From starting to serving: 45 minutes. Active time: 15 minutes. Serves two. 
How the chefs explain it:
Combine a brunoise of shallots with truffle vinegar for the mignonette. Dice chilled tenderloin, plate with condiments and baguette crisps. Serve!


  1. Pop your tenderloin in the freezer for about 30 mins.
  2. Dressing time:
    1. Cut the shallots into tiny dice, as finely as you can.
    2. Mix with the vinegar and put into a nice little serving dish and leave to steep.
    3. Et voila! 
  3. Slice baguette into very thin slices, seriously, more than 2mm is too thick.
  4. Lay them on an oven sheet and bake at 180° for 4 mins, until just golden. 
  5. Get the beef out, slice into sheets, then strips then dice.

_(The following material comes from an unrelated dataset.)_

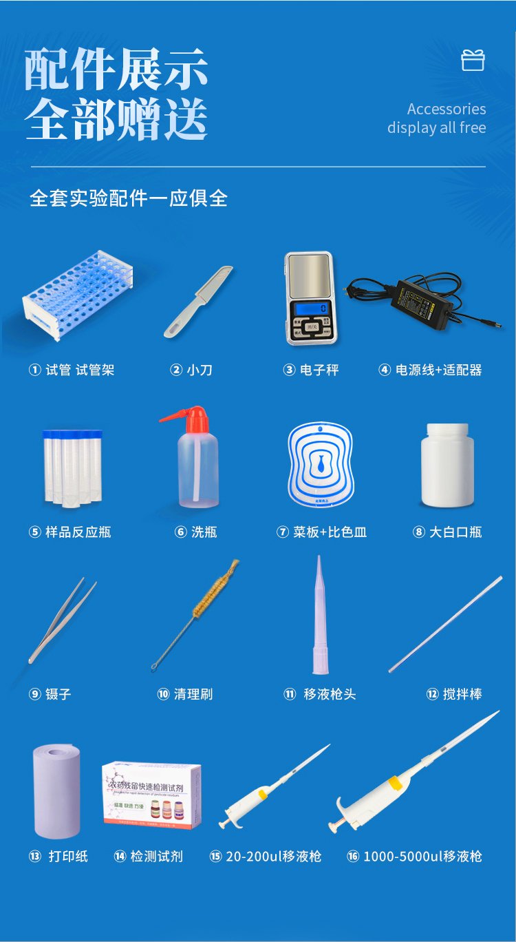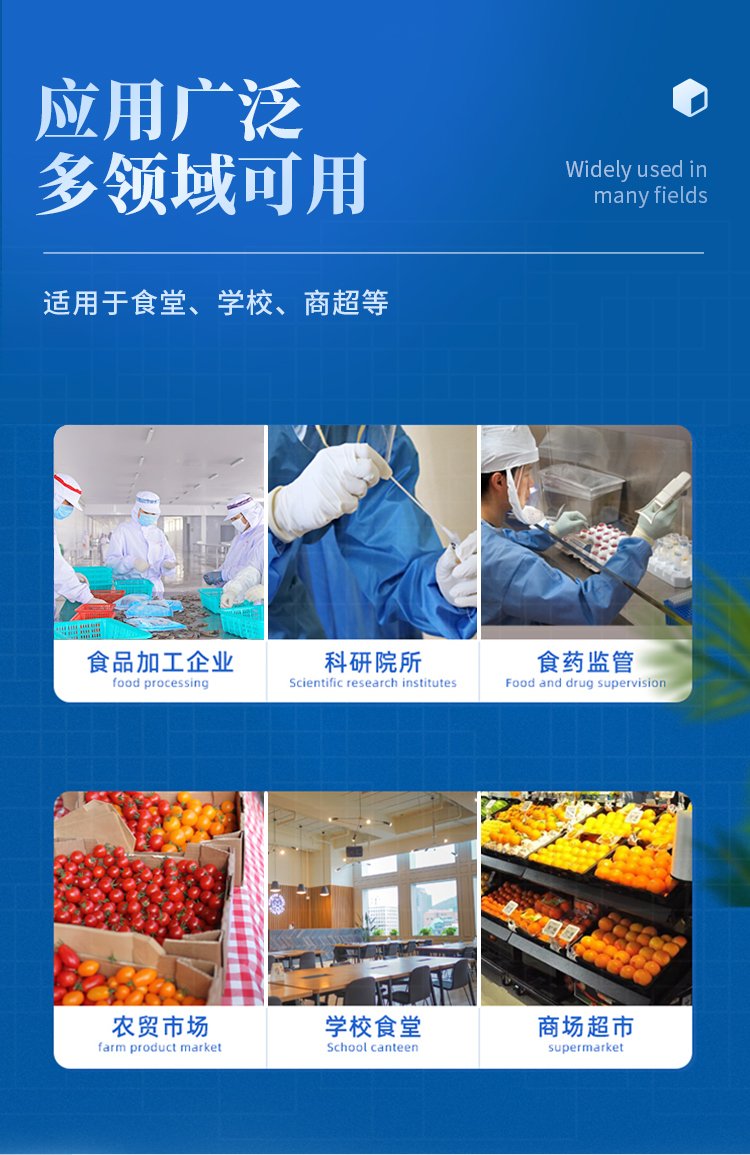 廣泛應用于主要用于蔬菜、水果、茶葉、糧食、農副產品等食品中有機磷和氨基甲酸酯類農藥殘留的快速檢測;此外還可用于果蔬茶生產基地和農貿批發銷售市場現場檢測,餐館、學校、食堂、家庭果蔬加工前的安全速測等。

The size is up to you here, chunky, a little rough, really fine, it’s a matter of personal preference.
  6. Keep it cold. Cook with the air-con on, put the beef back in the fridge when you’re done cutting.
  7. Just before serving, arrange everything on a plate. Put the beef in the centre with the egg yolk on top, arrange garnishes as you like.
  8. To eat, mix beef and condiments as you see fit, scoop onto a baguette chip and guzzle.


Consuming raw or undercooked meats, poultry, seafood, or eggs may increase your risk of foodborne illness. Please be aware of the risks involved, and ensure a high standard of hygiene when preparing and eating.